= Information =
++++++++++++++++++++
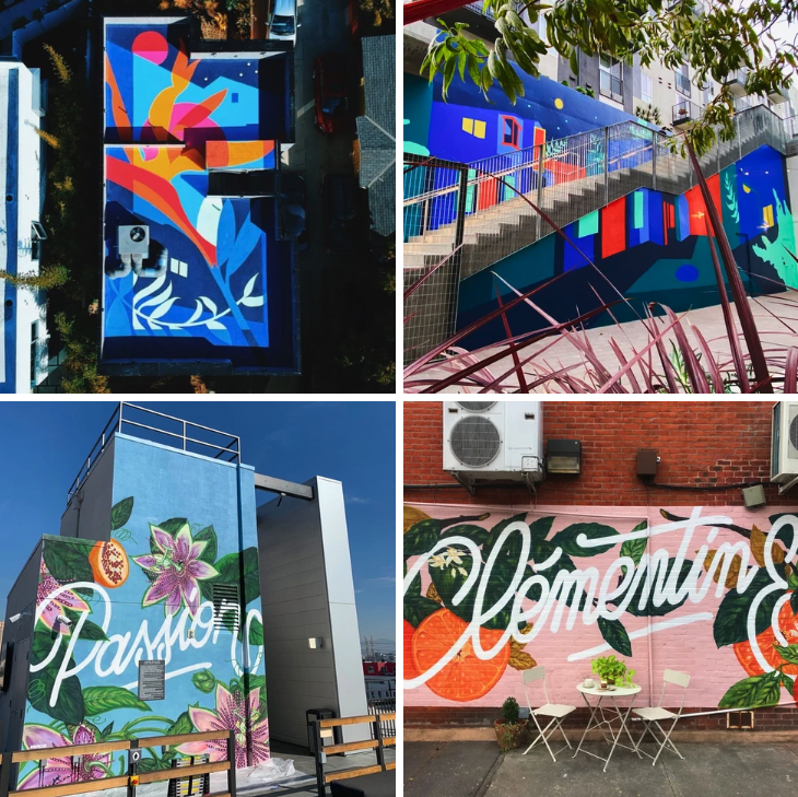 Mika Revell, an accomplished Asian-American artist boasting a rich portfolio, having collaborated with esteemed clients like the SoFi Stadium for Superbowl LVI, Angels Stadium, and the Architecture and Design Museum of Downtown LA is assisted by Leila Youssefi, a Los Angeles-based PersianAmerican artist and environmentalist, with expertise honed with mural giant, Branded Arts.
++++++++++++++++++++
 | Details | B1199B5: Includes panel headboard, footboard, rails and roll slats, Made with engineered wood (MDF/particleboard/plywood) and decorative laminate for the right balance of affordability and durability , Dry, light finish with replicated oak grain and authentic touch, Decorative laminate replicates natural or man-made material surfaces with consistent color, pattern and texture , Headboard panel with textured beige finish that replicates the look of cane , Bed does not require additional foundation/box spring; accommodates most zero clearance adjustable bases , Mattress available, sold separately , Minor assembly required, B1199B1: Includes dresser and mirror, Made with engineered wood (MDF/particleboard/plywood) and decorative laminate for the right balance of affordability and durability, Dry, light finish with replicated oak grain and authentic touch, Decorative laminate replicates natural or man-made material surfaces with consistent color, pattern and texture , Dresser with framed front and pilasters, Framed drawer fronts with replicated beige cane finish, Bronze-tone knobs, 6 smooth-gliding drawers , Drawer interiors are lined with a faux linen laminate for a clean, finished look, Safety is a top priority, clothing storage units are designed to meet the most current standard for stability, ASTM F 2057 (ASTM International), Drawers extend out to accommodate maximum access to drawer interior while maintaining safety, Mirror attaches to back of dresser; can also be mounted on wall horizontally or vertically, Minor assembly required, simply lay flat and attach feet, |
++++++++++++++++++++
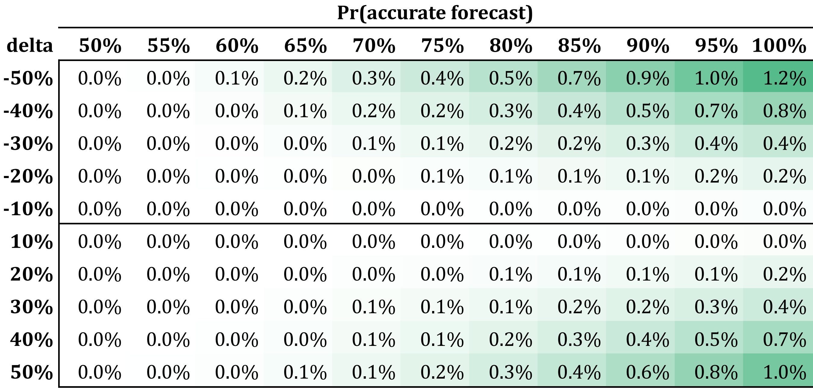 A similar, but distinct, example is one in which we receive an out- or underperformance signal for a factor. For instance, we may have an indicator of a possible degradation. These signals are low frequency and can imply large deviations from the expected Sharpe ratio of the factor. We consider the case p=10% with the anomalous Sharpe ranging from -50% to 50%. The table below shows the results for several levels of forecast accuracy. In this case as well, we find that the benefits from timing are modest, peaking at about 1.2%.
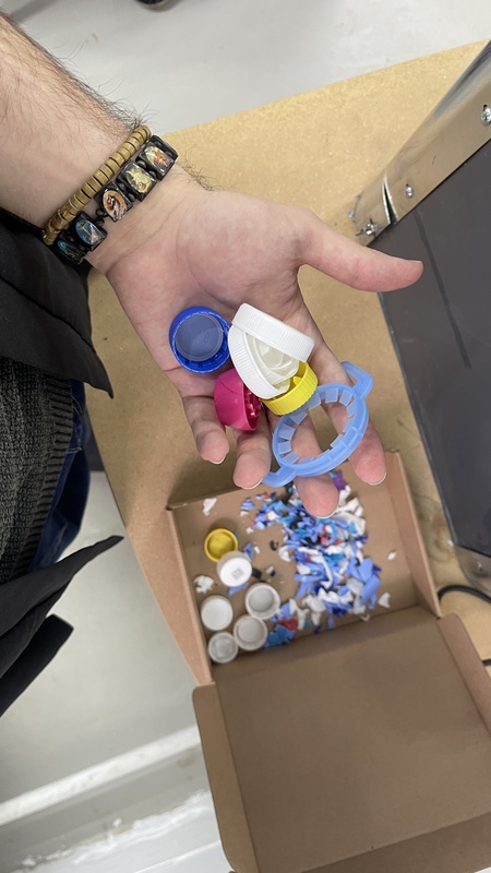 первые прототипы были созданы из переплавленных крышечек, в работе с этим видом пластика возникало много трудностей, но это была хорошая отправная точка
++++++++++++++++++++
= What you should do =
Here the job is to copy the stretch of records from the line containing "A similar, but" through the line containing "первые прототипы были", word for word. Leave every picture out.

= Task answer =
 A similar, but distinct, example is one in which we receive an out- or underperformance signal for a factor. For instance, we may have an indicator of a possible degradation. These signals are low frequency and can imply large deviations from the expected Sharpe ratio of the factor. We consider the case p=10% with the anomalous Sharpe ranging from -50% to 50%. The table below shows the results for several levels of forecast accuracy. In this case as well, we find that the benefits from timing are modest, peaking at about 1.2%.
 первые прототипы были созданы из переплавленных крышечек, в работе с этим видом пластика возникало много трудностей, но это была хорошая отправная точка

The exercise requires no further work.